[Data segment]

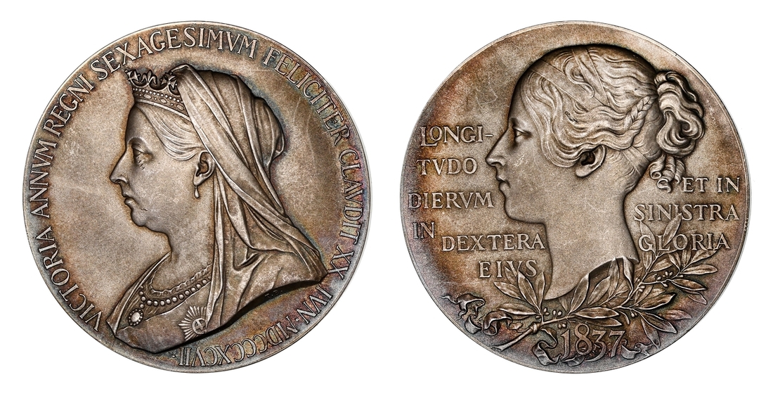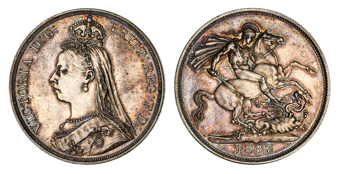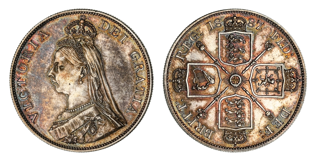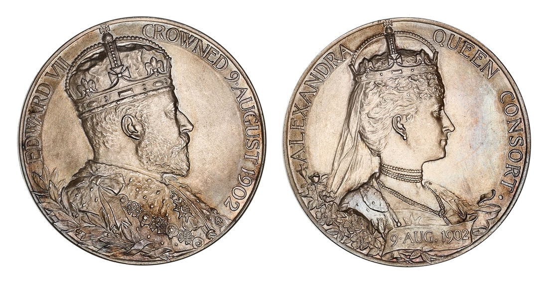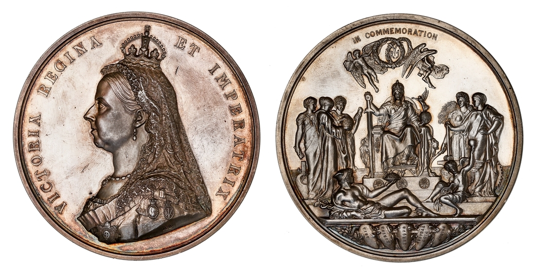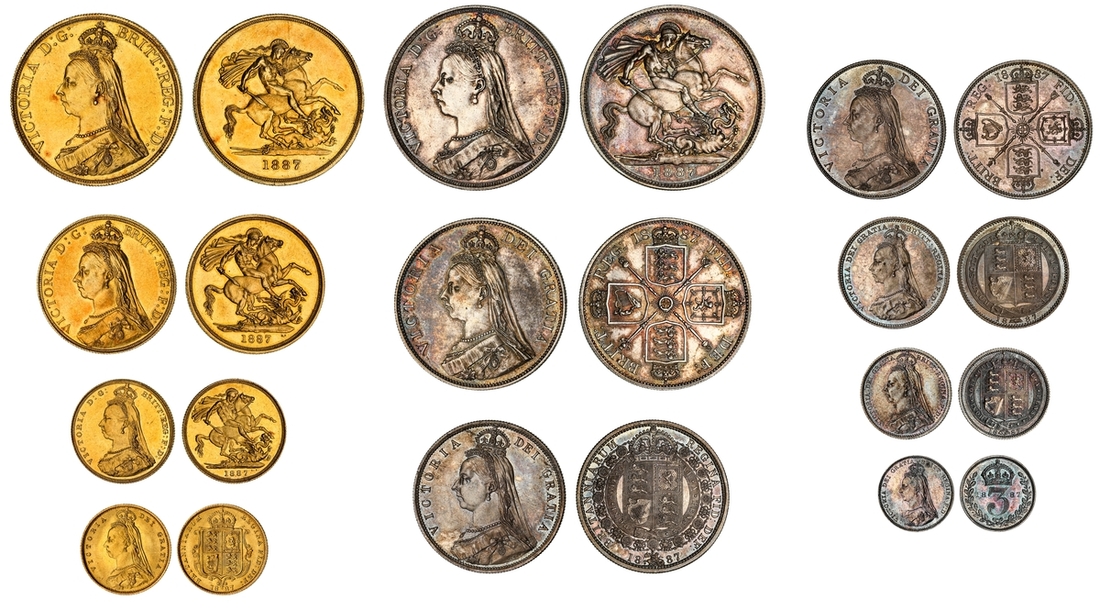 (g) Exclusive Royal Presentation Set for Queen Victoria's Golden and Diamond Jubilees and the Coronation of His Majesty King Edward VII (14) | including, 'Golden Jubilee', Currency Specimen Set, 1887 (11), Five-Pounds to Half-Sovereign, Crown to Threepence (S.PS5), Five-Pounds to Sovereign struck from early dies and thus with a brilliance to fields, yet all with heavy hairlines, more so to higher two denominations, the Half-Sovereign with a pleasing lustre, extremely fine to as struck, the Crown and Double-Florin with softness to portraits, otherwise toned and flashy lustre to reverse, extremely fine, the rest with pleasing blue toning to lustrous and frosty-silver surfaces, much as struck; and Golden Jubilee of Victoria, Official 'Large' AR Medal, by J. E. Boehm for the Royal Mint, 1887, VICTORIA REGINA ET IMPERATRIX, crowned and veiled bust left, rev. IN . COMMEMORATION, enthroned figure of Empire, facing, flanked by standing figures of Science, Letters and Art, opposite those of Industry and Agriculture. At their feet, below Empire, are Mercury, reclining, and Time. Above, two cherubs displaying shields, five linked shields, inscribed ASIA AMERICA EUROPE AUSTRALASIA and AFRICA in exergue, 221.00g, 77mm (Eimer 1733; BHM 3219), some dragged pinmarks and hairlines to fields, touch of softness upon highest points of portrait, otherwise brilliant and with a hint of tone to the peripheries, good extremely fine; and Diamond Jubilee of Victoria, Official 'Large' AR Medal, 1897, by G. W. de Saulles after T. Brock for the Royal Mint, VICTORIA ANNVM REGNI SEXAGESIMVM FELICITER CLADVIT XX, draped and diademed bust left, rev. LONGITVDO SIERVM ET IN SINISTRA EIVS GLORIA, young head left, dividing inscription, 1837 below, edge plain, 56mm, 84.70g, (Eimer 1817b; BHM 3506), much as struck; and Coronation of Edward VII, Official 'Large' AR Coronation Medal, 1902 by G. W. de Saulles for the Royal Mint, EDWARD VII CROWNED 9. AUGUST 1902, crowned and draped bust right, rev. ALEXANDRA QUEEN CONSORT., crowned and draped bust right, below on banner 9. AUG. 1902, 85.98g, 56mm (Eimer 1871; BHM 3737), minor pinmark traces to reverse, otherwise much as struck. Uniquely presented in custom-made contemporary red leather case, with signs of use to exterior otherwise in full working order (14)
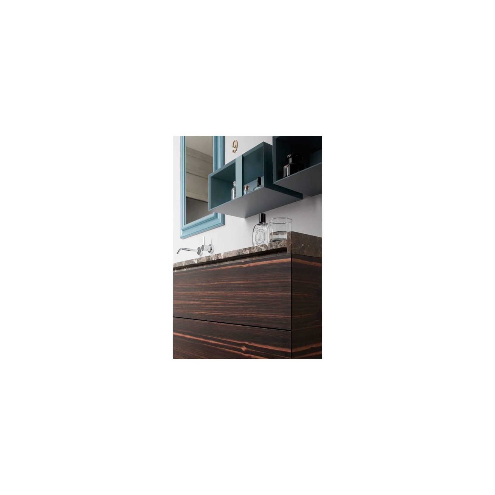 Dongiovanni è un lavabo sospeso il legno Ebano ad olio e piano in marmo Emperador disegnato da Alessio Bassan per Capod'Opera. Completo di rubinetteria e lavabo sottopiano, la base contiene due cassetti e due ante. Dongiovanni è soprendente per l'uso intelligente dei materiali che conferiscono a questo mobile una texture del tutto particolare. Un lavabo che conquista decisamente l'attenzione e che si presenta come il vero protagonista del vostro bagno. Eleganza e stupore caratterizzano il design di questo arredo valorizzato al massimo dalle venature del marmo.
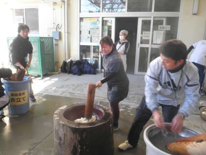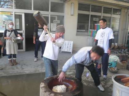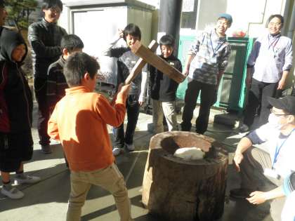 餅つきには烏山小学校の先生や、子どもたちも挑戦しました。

[/Data segment]

### Directions for this task:
Could you set down the data exactly as given, minus its pictures?

### Exercise answer:
 (g) Exclusive Royal Presentation Set for Queen Victoria's Golden and Diamond Jubilees and the Coronation of His Majesty King Edward VII (14) | including, 'Golden Jubilee', Currency Specimen Set, 1887 (11), Five-Pounds to Half-Sovereign, Crown to Threepence (S.PS5), Five-Pounds to Sovereign struck from early dies and thus with a brilliance to fields, yet all with heavy hairlines, more so to higher two denominations, the Half-Sovereign with a pleasing lustre, extremely fine to as struck, the Crown and Double-Florin with softness to portraits, otherwise toned and flashy lustre to reverse, extremely fine, the rest with pleasing blue toning to lustrous and frosty-silver surfaces, much as struck; and Golden Jubilee of Victoria, Official 'Large' AR Medal, by J. E. Boehm for the Royal Mint, 1887, VICTORIA REGINA ET IMPERATRIX, crowned and veiled bust left, rev. IN . COMMEMORATION, enthroned figure of Empire, facing, flanked by standing figures of Science, Letters and Art, opposite those of Industry and Agriculture. At their feet, below Empire, are Mercury, reclining, and Time. Above, two cherubs displaying shields, five linked shields, inscribed ASIA AMERICA EUROPE AUSTRALASIA and AFRICA in exergue, 221.00g, 77mm (Eimer 1733; BHM 3219), some dragged pinmarks and hairlines to fields, touch of softness upon highest points of portrait, otherwise brilliant and with a hint of tone to the peripheries, good extremely fine; and Diamond Jubilee of Victoria, Official 'Large' AR Medal, 1897, by G. W. de Saulles after T. Brock for the Royal Mint, VICTORIA ANNVM REGNI SEXAGESIMVM FELICITER CLADVIT XX, draped and diademed bust left, rev. LONGITVDO SIERVM ET IN SINISTRA EIVS GLORIA, young head left, dividing inscription, 1837 below, edge plain, 56mm, 84.70g, (Eimer 1817b; BHM 3506), much as struck; and Coronation of Edward VII, Official 'Large' AR Coronation Medal, 1902 by G. W. de Saulles for the Royal Mint, EDWARD VII CROWNED 9. AUGUST 1902, crowned and draped bust right, rev. ALEXANDRA QUEEN CONSORT., crowned and draped bust right, below on banner 9. AUG. 1902, 85.98g, 56mm (Eimer 1871; BHM 3737), minor pinmark traces to reverse, otherwise much as struck. Uniquely presented in custom-made contemporary red leather case, with signs of use to exterior otherwise in full working order (14)
 Dongiovanni è un lavabo sospeso il legno Ebano ad olio e piano in marmo Emperador disegnato da Alessio Bassan per Capod'Opera. Completo di rubinetteria e lavabo sottopiano, la base contiene due cassetti e due ante. Dongiovanni è soprendente per l'uso intelligente dei materiali che conferiscono a questo mobile una texture del tutto particolare. Un lavabo che conquista decisamente l'attenzione e che si presenta come il vero protagonista del vostro bagno. Eleganza e stupore caratterizzano il design di questo arredo valorizzato al massimo dalle venature del marmo.
 餅つきには烏山小学校の先生や、子どもたちも挑戦しました。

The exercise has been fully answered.